**Prompt:** Restate all entries word for word, minus pictures.

**Extracted information:**
-------------------------
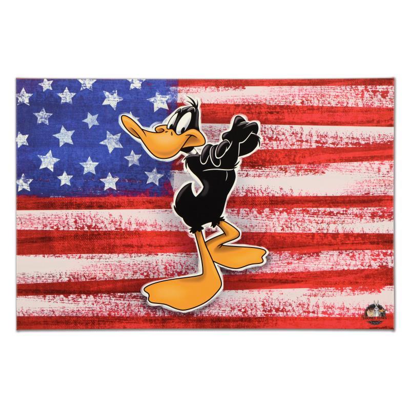 "Patriotic Series: Daffy Duck" is a limited edition giclee on gallery wrapped canvas by Looney Tunes. This piece comes from an edition of 250 and bears an imprint of Looney Tunes' official seal. Includes Certificate of Authenticity. Measures approx. 30" x 20" (image) This item requires special handling and may have a longer than usual turnaround.
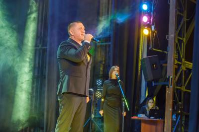 В творческой части концерта Владимир Курский порадовал собравшихся военно-патриотическими песнями из нового альбома "За наших". Первую песню "Сына глаза" зал слушал стоя, со слезами на глазах - настолько проникновенными были слова.
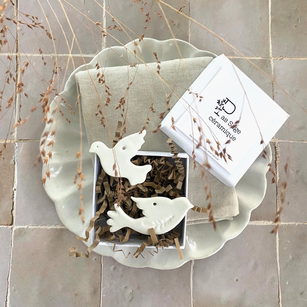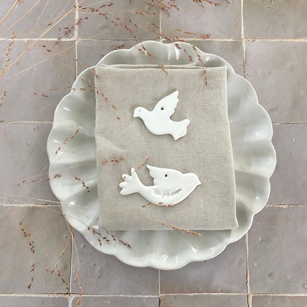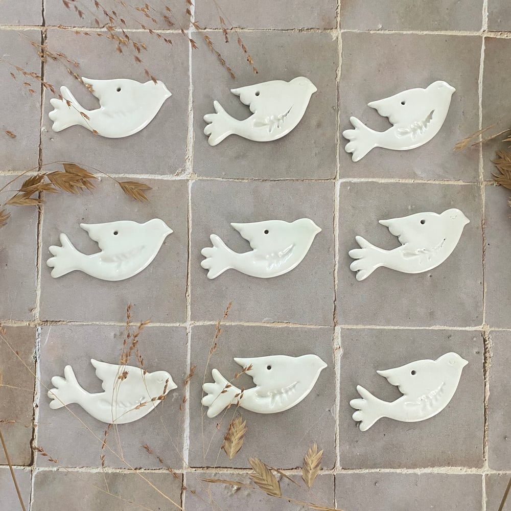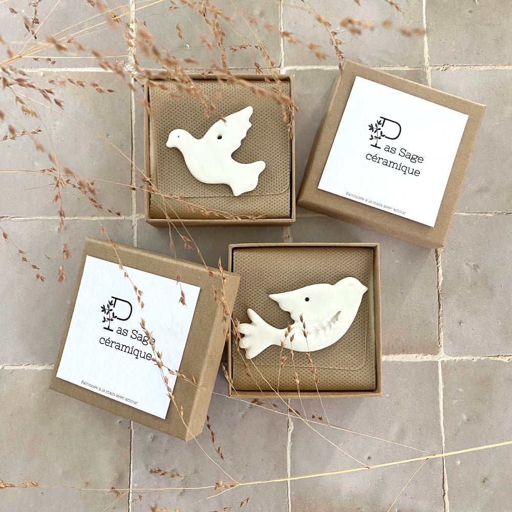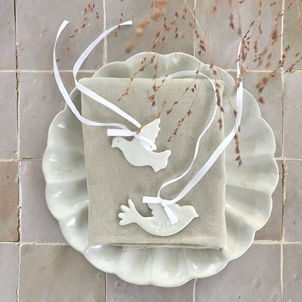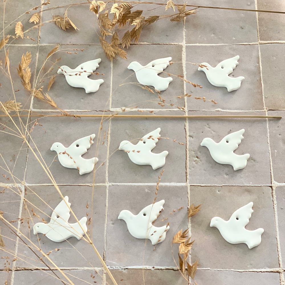 Colombe réalisée à la main en porcelaine émaillage blanc.
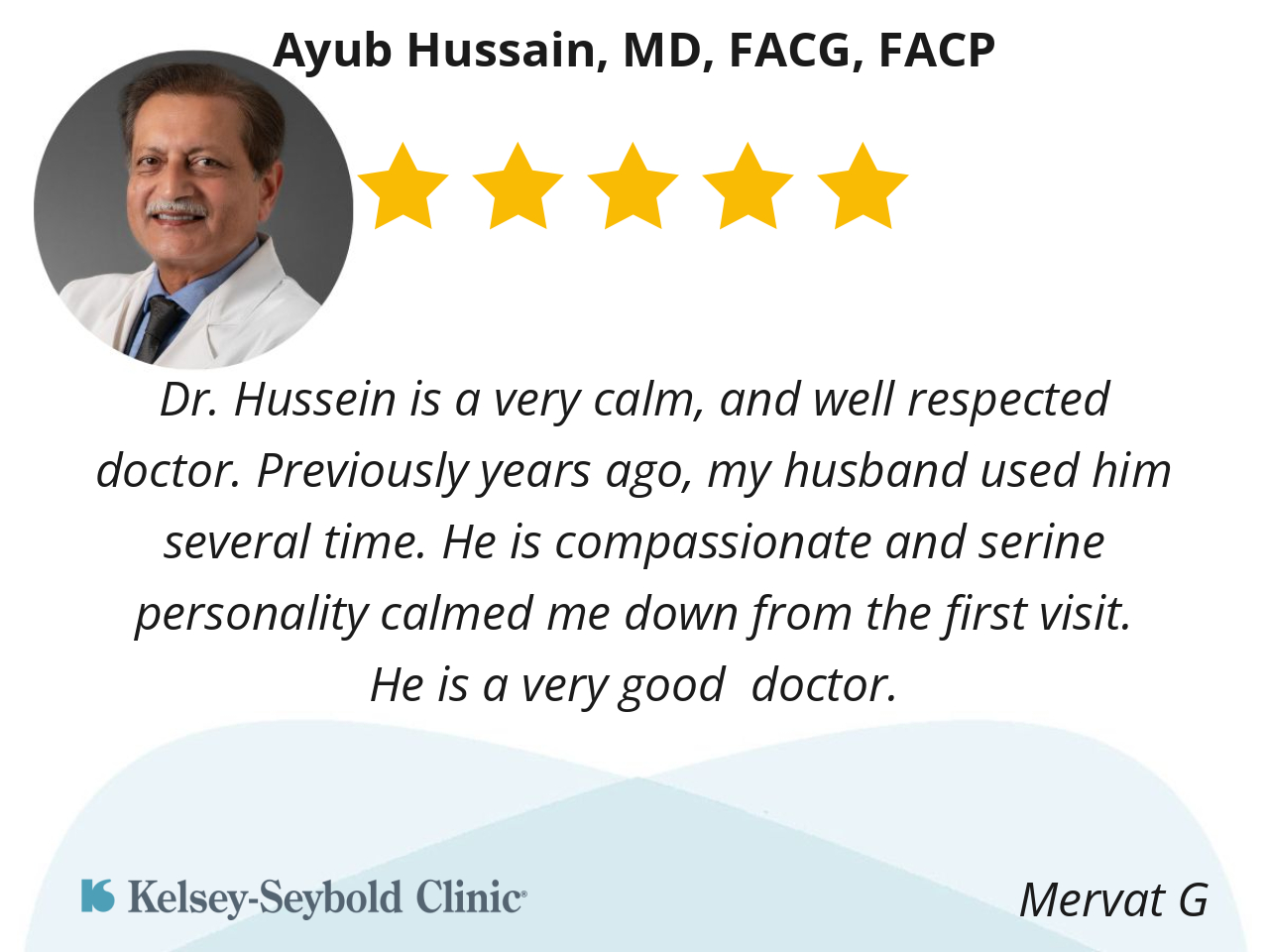 Dr. Hussein is a very calm, and well respected doctor. Previously years ago, my husband used him several time. He is compassionate and serine personality calmed me down from the first visit.
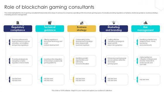 This slide highlights the role of gaming consultants that provide wide range of services to companies operating in the blockchain gaming space. It includes providing regulatory compliance, technical guidance, business strategy, marketing and risk management. This Unlocking The Potential Of Role Of Blockchain Gaming Consultants BCT SS V is perfect for any presentation, be it in front of clients or colleagues. It is a versatile and stylish solution for organizing your meetings. The Unlocking The Potential Of Role Of Blockchain Gaming Consultants BCT SS V features a modern design for your presentation meetings. The adjustable and customizable slides provide unlimited possibilities for acing up your presentation. Slidegeeks has done all the homework before launching the product for you. So, do not wait, grab the presentation templates today This slide highlights the role of gaming consultants that provide wide range of services to companies operating in the blockchain gaming space. It includes providing regulatory compliance, technical guidance, business strategy, marketing and risk management.
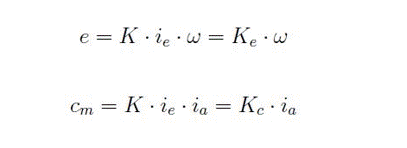 Ke 和 Kc 是電機(jī)的兩個常數(shù),稱為橢圓常數(shù)和扭矩常數(shù),ω 是角速度。
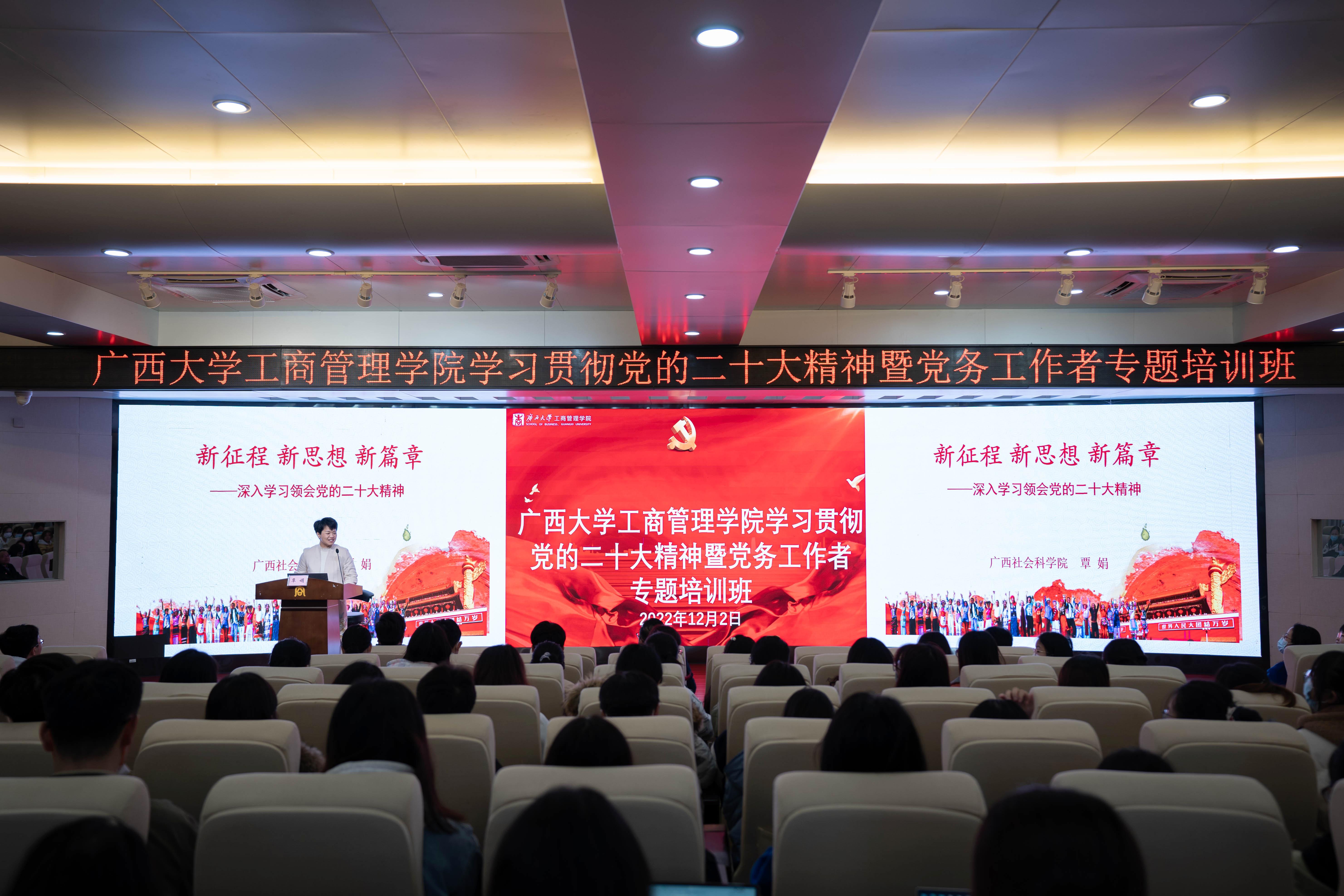 为帮助全院师生员工学习领会党的二十大精神,12月2日下午,自治区党委讲师团、区直机关工委讲师团聘任专家,广西社会科学院民族研究所所长、研究员覃娟受邀在学院128报告厅,为bat365官网党务工作者专题培训班学员作党的二十大精神宣讲报告。学院党委书记罗诚主持报告会。全院党务工作者、有关党员干部和师生到场聆听了报告。
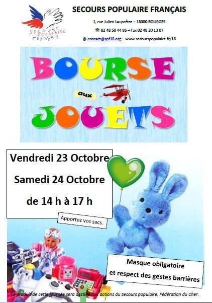 Une grande Bourse aux jouets est organisée les 23 et 24 octobre de 14h à 17h à l’antenne de Bourges du Secours populaire, 1 rue Julien Lauprêtre (anciennement rue de la Gare des Marchandises).
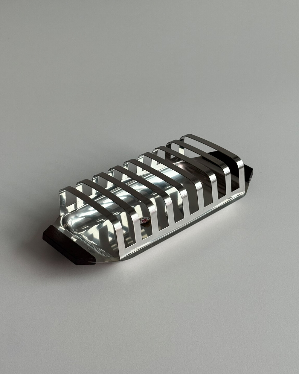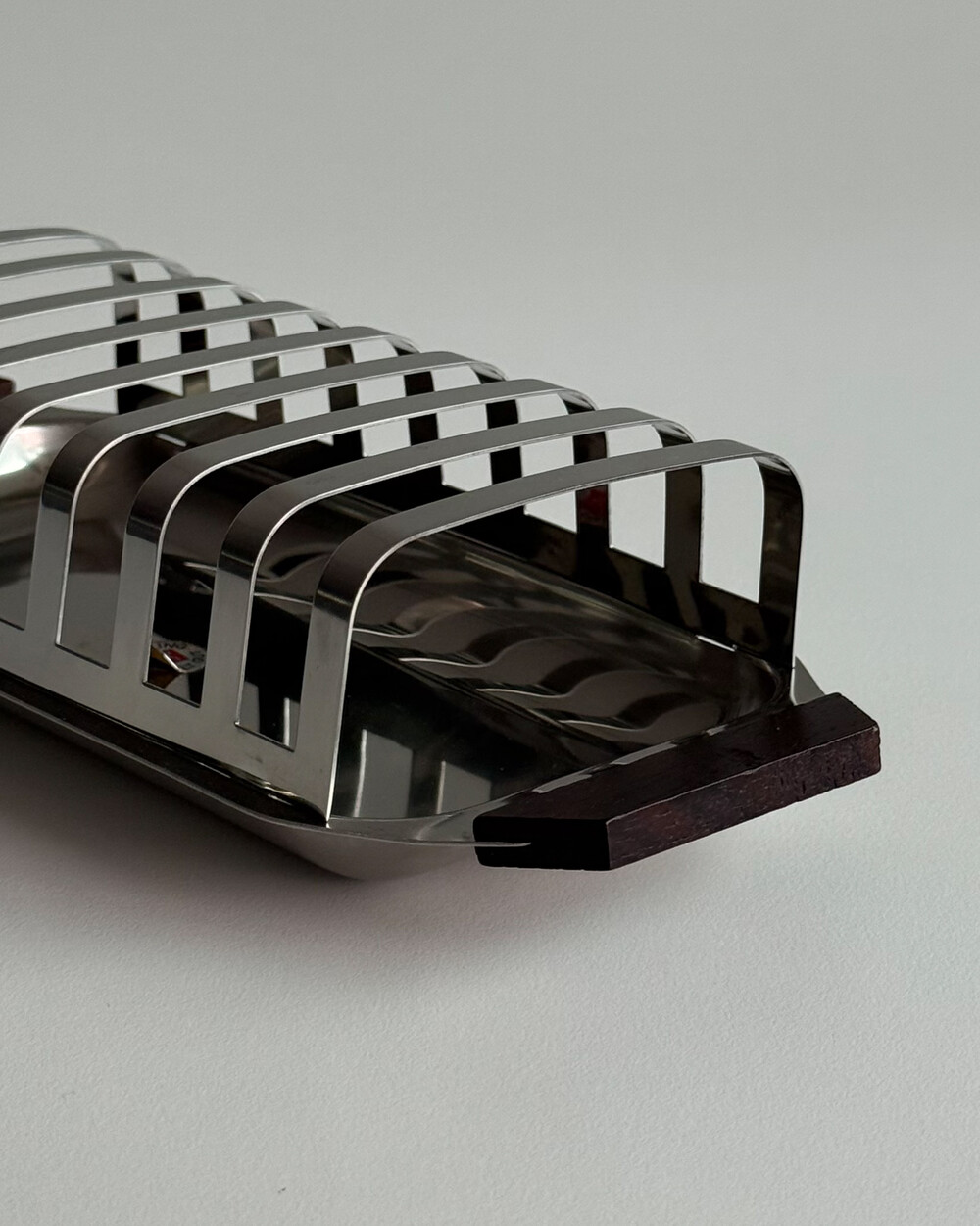 1970년대 생산되었던 ZWILLING 사의 토스트랙입니다. 클래식한 바 형태의 견고한 스테인리스 랙과 티크 우드 핸들로 구성되어 있습니다. 아침 식탁 위 토스트를 세련되게 진열할 수 있는 실용적이면서도 감각적인 아이템입니다. 토스트 랙 용도 뿐만 아니라 편지 홀더, 인테리어 소품 등으로 다양하게 활용하실 수 있습니다.
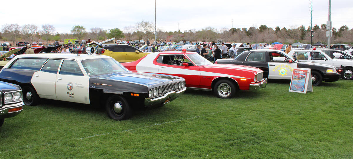 Law enforcement vehicles from various agencies and eras were on display Saturday, including those similar to ones featured in three popular TV shows (from left) “Adam-12,” “Starsky and Hutch,” and “CHiPs.”
-------------------------
**Written reply:**
 "Patriotic Series: Daffy Duck" is a limited edition giclee on gallery wrapped canvas by Looney Tunes. This piece comes from an edition of 250 and bears an imprint of Looney Tunes' official seal. Includes Certificate of Authenticity. Measures approx. 30" x 20" (image) This item requires special handling and may have a longer than usual turnaround.
 В творческой части концерта Владимир Курский порадовал собравшихся военно-патриотическими песнями из нового альбома "За наших". Первую песню "Сына глаза" зал слушал стоя, со слезами на глазах - настолько проникновенными были слова.
 Colombe réalisée à la main en porcelaine émaillage blanc.
 Dr. Hussein is a very calm, and well respected doctor. Previously years ago, my husband used him several time. He is compassionate and serine personality calmed me down from the first visit.
 This slide highlights the role of gaming consultants that provide wide range of services to companies operating in the blockchain gaming space. It includes providing regulatory compliance, technical guidance, business strategy, marketing and risk management. This Unlocking The Potential Of Role Of Blockchain Gaming Consultants BCT SS V is perfect for any presentation, be it in front of clients or colleagues. It is a versatile and stylish solution for organizing your meetings. The Unlocking The Potential Of Role Of Blockchain Gaming Consultants BCT SS V features a modern design for your presentation meetings. The adjustable and customizable slides provide unlimited possibilities for acing up your presentation. Slidegeeks has done all the homework before launching the product for you. So, do not wait, grab the presentation templates today This slide highlights the role of gaming consultants that provide wide range of services to companies operating in the blockchain gaming space. It includes providing regulatory compliance, technical guidance, business strategy, marketing and risk management.
 Ke 和 Kc 是電機(jī)的兩個常數(shù),稱為橢圓常數(shù)和扭矩常數(shù),ω 是角速度。
 为帮助全院师生员工学习领会党的二十大精神,12月2日下午,自治区党委讲师团、区直机关工委讲师团聘任专家,广西社会科学院民族研究所所长、研究员覃娟受邀在学院128报告厅,为bat365官网党务工作者专题培训班学员作党的二十大精神宣讲报告。学院党委书记罗诚主持报告会。全院党务工作者、有关党员干部和师生到场聆听了报告。
 Une grande Bourse aux jouets est organisée les 23 et 24 octobre de 14h à 17h à l’antenne de Bourges du Secours populaire, 1 rue Julien Lauprêtre (anciennement rue de la Gare des Marchandises).
 1970년대 생산되었던 ZWILLING 사의 토스트랙입니다. 클래식한 바 형태의 견고한 스테인리스 랙과 티크 우드 핸들로 구성되어 있습니다. 아침 식탁 위 토스트를 세련되게 진열할 수 있는 실용적이면서도 감각적인 아이템입니다. 토스트 랙 용도 뿐만 아니라 편지 홀더, 인테리어 소품 등으로 다양하게 활용하실 수 있습니다.
 Law enforcement vehicles from various agencies and eras were on display Saturday, including those similar to ones featured in three popular TV shows (from left) “Adam-12,” “Starsky and Hutch,” and “CHiPs.”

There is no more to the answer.